While a proposed UK ban on payments by anonymous prepaid cards was not implemented, the MLR 2019 do implement the 5MLD prohibition of payments with anonymous prepaid cards issued in non-EU countries, where AML measures are not equivalent to the UK MLRs.

High-risk third countries

Enhanced due diligence (“EDD”) is now required for business relationships or transactions "involving" a high-risk third country. This is defined to mean both a business relationship with a person established in a high-risk third country (as under previous MLRs); or also now a transaction already subject to CDD where either of the parties (not just the customer) is established in such a high-risk country.

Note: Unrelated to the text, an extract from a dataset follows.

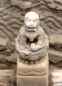 금전(金殿)은 문석대(文石臺) 위에 놓여있고 석대(石臺)를 포함한 금전의 높이는 3.5m이며, 석대(石臺)에는 해수(海水)와 강안(江岸)의 형상이 조각되어 있고, 기둥 머리에는 사자같은 석수(石兽)가 조각되어 앉아 있습니다.

Where EDD is triggered for high-risk third countries, additional diligence is required on: the customer, its beneficial ownership, the nature of the business relationship and reasons for the transactions, and source of funds for the customer and beneficial owner(s). Senior management approval is required, as well as enhanced ongoing monitoring.

Agents and Managers

The MLR 2019 mandate measures to ensure that any agents, including sub-agents, used to deliver a firm’s business are made aware of the law, receive AML/CTF training and are “fit and proper”. HMT highlights potential concerns with the Money Service Business sector’s use of sub-agents.

The government had also consulted on expanding AML/CTF supervisors’ powers over “officers” controlling or directing companies or partnerships, to include also “managers”. Potentially this could have led to action against junior managers for non-compliance with the MLRs. In light of mixed feedback, the government is to seek further evidence and consider the change again at a later stage.

Trust Registration Service

A summary of issues raised in responses to HM Treasury’s consultation on the MLR 2019 was not published until 23 January 2020, presumably awaiting finalisation of a new joint consultation published on the following day by HMT and HMRC on the Trust Registration Service (“TRS”). Here again, the proposed changes do not represent a sea change, but do ratchet up the transparency levels.

4MLD introduced trust registration requirements limited to UK express trusts with a taxable consequence. The further amendments proposed to MLR 2017 would expand this to require all UK resident express trusts (unless the trust falls within specified categories of excluded trusts) and certain non-UK resident express trusts. 

For trusts set up before 6 April 2021, if the trustees incur a liability to one of the specified taxes for the first time the trust must be registered by 31 January after the tax year in which the liability arose; otherwise the trust must by registered on or before 10 March 2022. Trusts set up on or after 6 April 2021 but before 9 February 2022 must by registered on or before 10 March 2022. Trusts set up on or after 9 February 2022 must be registered within 30 days of being set up.

Sufficient steps

The general thrust of the changes to MLRs and the January 2020 implementation date have been known since 5MLD was published in 2017. There was a Treasury consultation on UK implementation back in April 2019. However, the final UK regulations were not published until 20 December 2020, giving firms only a handful of working days to execute updates for 10 January 2020. In light of this, the FCA has said that in assessing any non-compliance, it will take into account evidence of firms taking “sufficient steps” before then to comply with the new obligations.